Planting boost for city in National Tree Week


Around 250 new trees will be planted in the city this year, including 100 new trees in the city's parks.


To mark National Tree Week(November 24 - December 2), the annual initiative by The Tree Council topromote the importance of and value of trees,Cabinet Member for Culture and Leisure, Cllr Peter Bradbury  was joined by local ward members and pupils from Severn Primary School  to plant new autumn cherry trees in Thompsons Park, Canton today.


The new autumn cherries are part of the Council's 2018/19 programme that will see in the region of 250 new plantings across the city, helping to improve the local environment.

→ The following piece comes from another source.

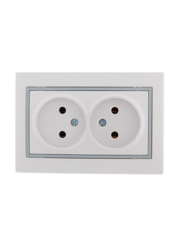 Розетка 2-м СП Mira 16А IP20 без заземл. с сер. вставкой керамика бел. LEZARD 701-0215-128

Thanks to support from Cardiff Civic Society's Tree Canopy Cardiff project, Trees for Cities, Dwr Cymru Welsh Water, Barcham's Trees, a Welsh Government GI Grant, as well as members of the public funding memorial trees in memory of loved ones, trees will be planted on streets with missing trees within the city and on new sites along main roads to help reduce pollution. The city's parks will also benefit with 100 new trees set to put down roots.

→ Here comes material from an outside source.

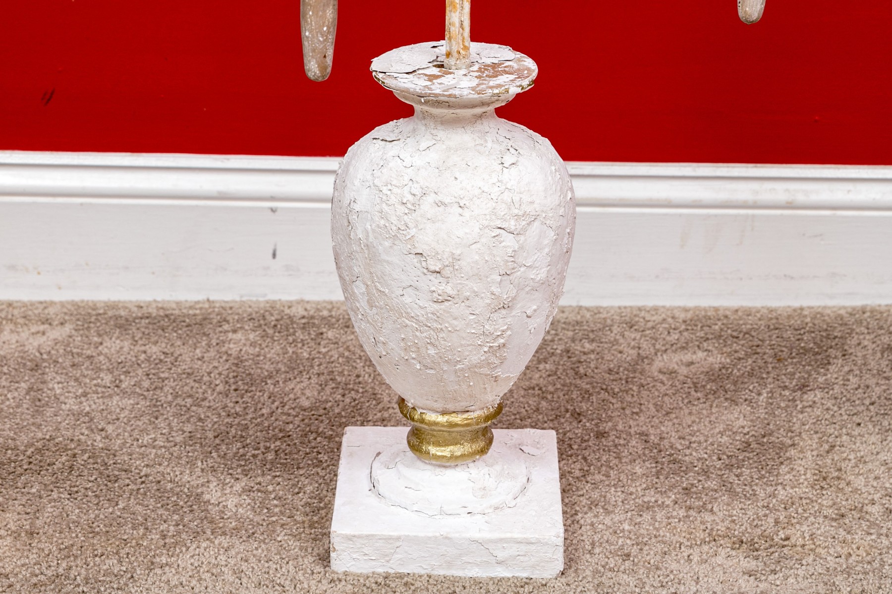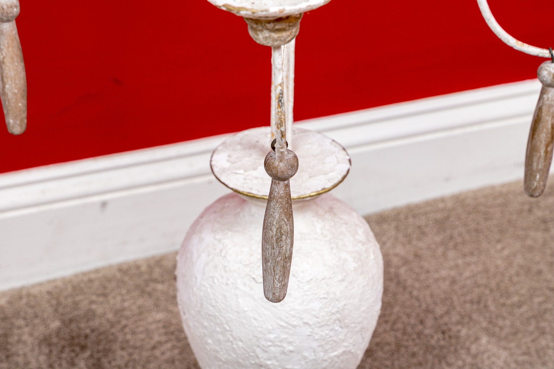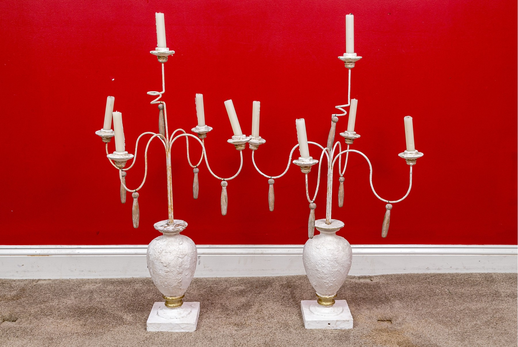 A delightful pair of candelabras in Flemish design, sporting rustic white plastic vasaform bodies with gilt knops and square bases supporting eye-catching candelabras with dramatic S-curved white iron arms accented with bowling pin form prisms. The central arms are spiraled for a fun, impressive display.

Cllr Peter Bradbury said: "I was delighted to mark National Tree Week at Thompsons Park today, by planting new and replacement trees that will hopefully be enjoyed by visitors to the park for generations to come. We're really grateful to our partners and private sponsors who have enabled us to deliver this year's programme, which underlines our commitment to ensuring that the vitality of the Council's tree stock is maintained.


"This year's programme focusses on areas of the city with low tree canopy cover such as Grangetown, Splott, Adamsdown and Butetown as well as replacing missing trees from parks in Riverside, Canton and Fairwater, and housing sites where trees have had to be removed."